Happy New Year! I find myself, as I do every year at this time, preparing my forecast for the year for a round of presentations over the next few months to various professional and real estate organizations. Here are the highlights:

  • The general outlook is good. I believe that we are “over the hump” in terms of transitioning from an economy in recession, to recovery and now entering the prosperity part of the cycle. It may not yet feel that way to everyone, but at least in the real estate sector the recovery is dynamic, a fact reflected in our own working portfolio which is substantially filled with new projects.
  • It is the construction sector which has held back the recovery. As it recovers the economy will be back in full swing.
  • Demand is up in virtually all sectors, although in the commercial sector, in particular, it has been timid.

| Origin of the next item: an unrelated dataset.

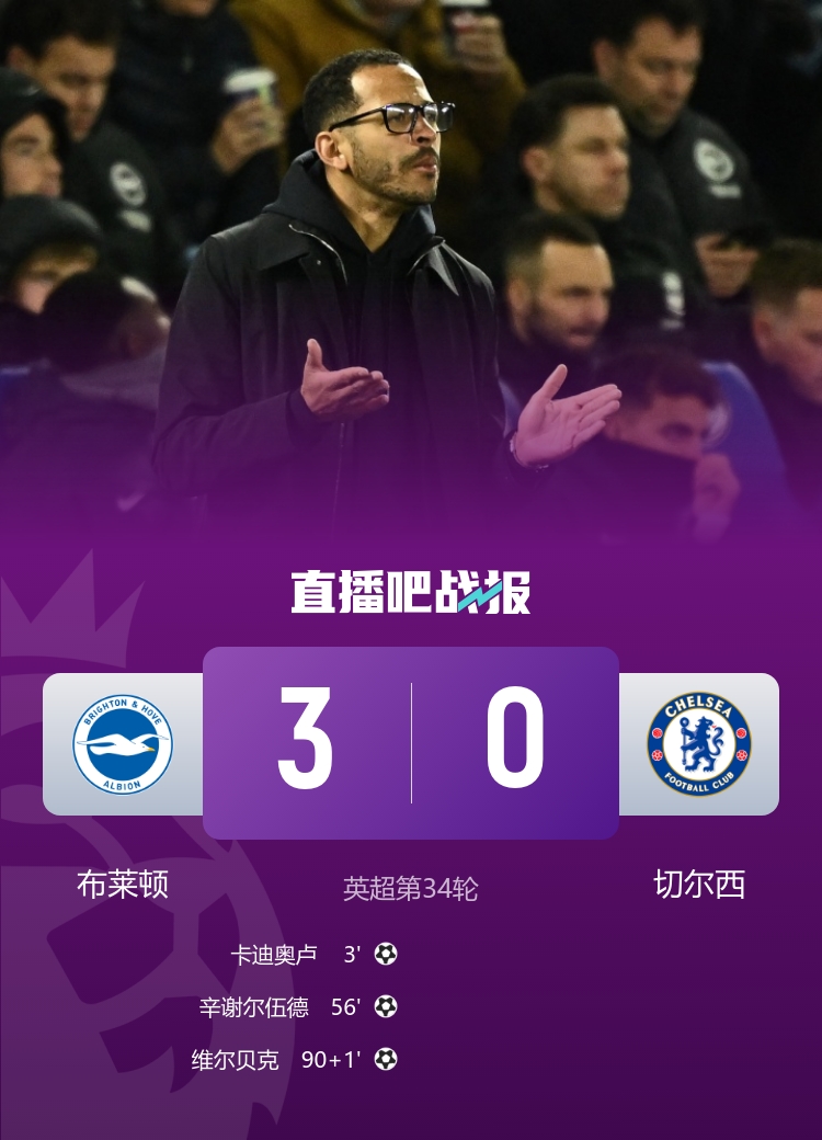 联赛5连败!切尔西0-3布莱顿跌至第7先赛距前五7分 卡迪奥卢闪打拼

  • However, supply is behind in most sectors, particularly in residential.
  • The strongest sector continues to be residential rental, and that has played out with higher rents, low vacancies, stable and low capitalization rates (and fewer investment sales as sellers hold back), and continued institutional and other capital investment in bringing previously distressed single family homes into the rental pool.
  • Capital is available from many sources for real estate from both debt and equity. However, available debt capital is contingent on thorough due diligence.
  • Interest rates will rise, but moderately this year. I don’t think we will see significant interest rate increases until 2015.
  • Demographics matters:  stay focused in particular on Gen Y, still mostly in their 20’s, but now maturing. Their housing, business and lifestyle choices will play a big part on the demand side.
  • Technology has gained a stronger foothold across the board. The main global challenge is that computers, which used to supplement human activity, have now been replacing humans, an impact which has served to sustain high unemployment and especially underemployment. This is the key tension in the economy that will be with us for many years.
  • Technology has obviously changed the face of retailing, where “bricks and mortar” retailing continues to be challenged as it re-positions against the cyber retailing attack. Look for changes that are more profound in the next five years than in the previous 15!
  • The office market is recovering, but it is sluggish. The compression of office space needs, also a result of technology, is greatly impacting the occupancy and the eventual delivery of office space.
  • The hotel market is recovering at a pace that is even surprising its own professionals. There are good rates, high occupancy and a considerable number of new projects.
  • For-sale residential pricing is nearing the peak achieved in 2006. Some high end markets have already  fully recovered. Expect new pricing peaks later this year.
  • The emphasis on recovering older inventory continues as a focused business in the real estate sector, in some communities this is more important than new construction. The means respositioning, rehabilitation and repurposing.